What is a Time Zone Converter?
A time zone converter helps you figure out what time it is (or will be) in different parts of the world. It's essential for scheduling international meetings, coordinating with remote teams, or planning calls with friends and family abroad.
The world has over 24 time zones (it's complicated—some are 30 or 45 minutes offset). This tool shows you how times align across multiple zones at once, so you can find times that work for everyone.
Meeting Scheduling
Find times that work for teams across multiple time zones
All Major Zones
Covers cities and zones worldwide including DST
24-Hour Visual Grid
See a full day's hours aligned across zones
Business Hours Overlap
Instantly see which hours are reasonable in all locations
Common time zone challenges this solves:
- Remote work — Coordinating with colleagues in SF, London, and Singapore
- International calls — Finding a reasonable time to call family abroad
- Live events — Converting event times for webinars, sports, streams
- Travel planning — Understanding arrival times after long-haul flights
- Stock markets — Knowing when NYSE, LSE, or Asian markets open
UTC Offsets and DST Dates for Popular Cities
Every zone in the grid is stored as an offset from UTC. The tricky part is that many places switch offset twice a year for daylight saving. The table below lists the standard (winter) offset, the summer offset, and the exact switch dates so you can tell which one is active on the day you care about.
| City | Standard | DST | DST period |
|---|---|---|---|
| Los Angeles / SF | UTC-8 | UTC-7 | 2nd Sun Mar - 1st Sun Nov |
| New York | UTC-5 | UTC-4 | 2nd Sun Mar - 1st Sun Nov |
| London | UTC+0 | UTC+1 | Last Sun Mar - Last Sun Oct |
| Berlin / Paris | UTC+1 | UTC+2 | Last Sun Mar - Last Sun Oct |
| Dubai | UTC+4 | none | No DST |
| Bangalore / Mumbai | UTC+5:30 | none | No DST |
| Singapore | UTC+8 | none | No DST |
| Beijing / Shanghai | UTC+8 | none | No DST |
| Tokyo | UTC+9 | none | No DST |
| Sydney | UTC+10 | UTC+11 | 1st Sun Oct - 1st Sun Apr |
Worked example: a 3-way standup across three continents
Say your team sits in San Francisco (UTC-8 in winter), Berlin (UTC+1), and Bangalore (UTC+5:30). Berlin runs 9 hours ahead of San Francisco, so 8:00 AM in SF is 5:00 PM in Berlin. Bangalore is 13.5 hours ahead, so the same moment is 9:30 PM there.
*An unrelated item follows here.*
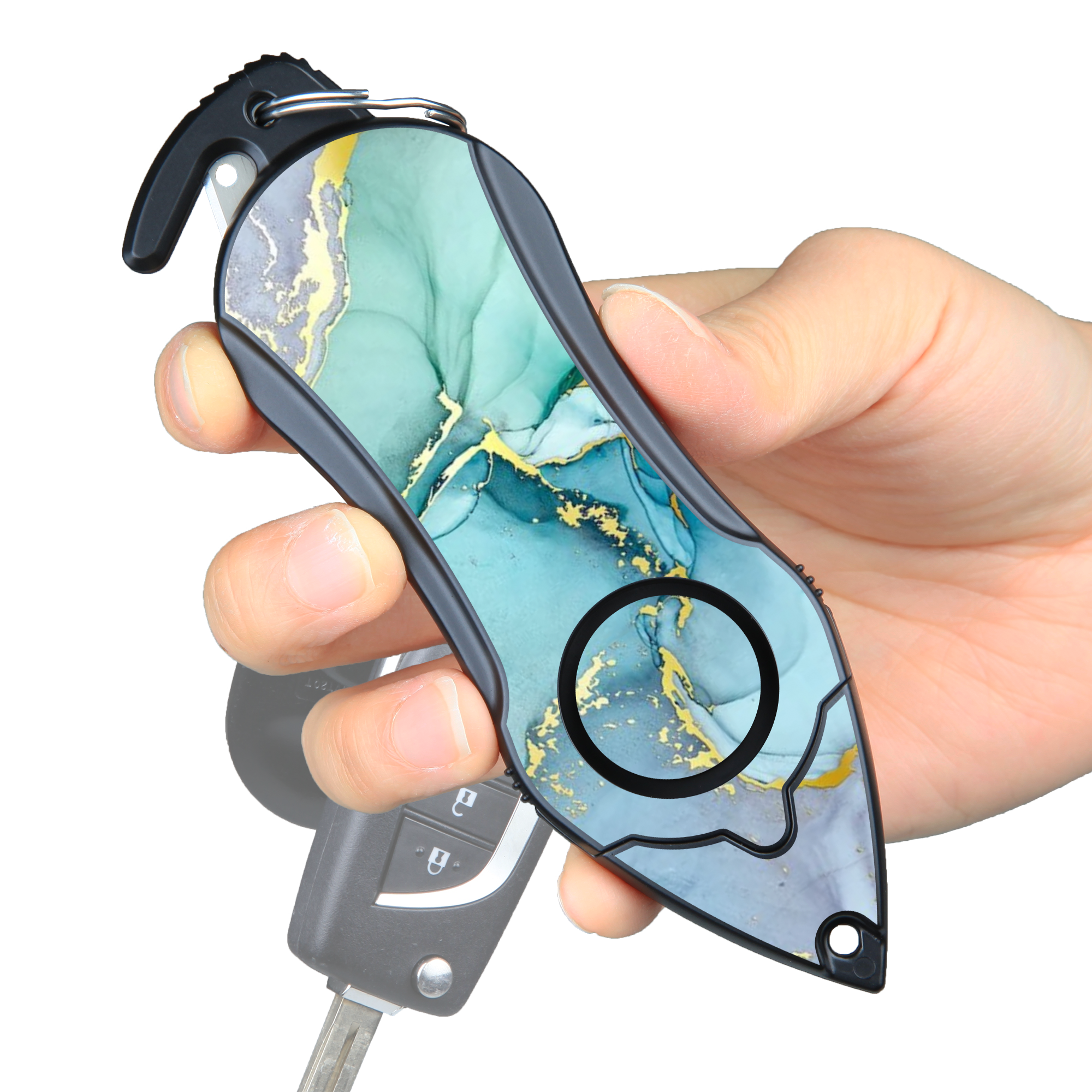Personal Alarm keychain Safety Emergency Tool (Green Marble)

That single 8 AM slot lands at end-of-day for Berlin and bedtime for Bangalore.
Slide the window earlier and it gets worse for Bangalore; slide it later and Berlin is offline. The least painful overlap is roughly 7 to 9 AM San Francisco time, which is 4 to 6 PM in Berlin (still inside the workday) and 8:30 to 10:30 PM in Bangalore (late, but awake). With a 13.5 hour spread there is no window that is comfortable for all three, so someone always compromises.
Conversions people search for most
- EST to IST — add 10:30 in winter, or 9:30 while New York is on EDT. 9:00 AM in New York is 7:30 PM in Bangalore.
- PST to GMT — add 8 hours. 10:00 AM in San Francisco is 6:00 PM in London.
- EST to CET — add 6 hours. 8:00 AM in New York is 2:00 PM in Berlin.
- GMT to AEST — add 10 hours. 9:00 AM in London is 7:00 PM in Sydney.
Daylight saving gotchas
The US and EU do not switch on the same weekend. US clocks spring forward on the second Sunday of March, but the EU waits until the last Sunday. For those two or three weeks, New York has already moved to EDT (UTC-4) while London is still on GMT, so the gap is 4 hours instead of the usual 5. The reverse happens in autumn, when Europe falls back a week before the US does. The Southern Hemisphere flips the whole calendar: Sydney observes DST from October to April, so it is on summer time exactly when the north is on winter time.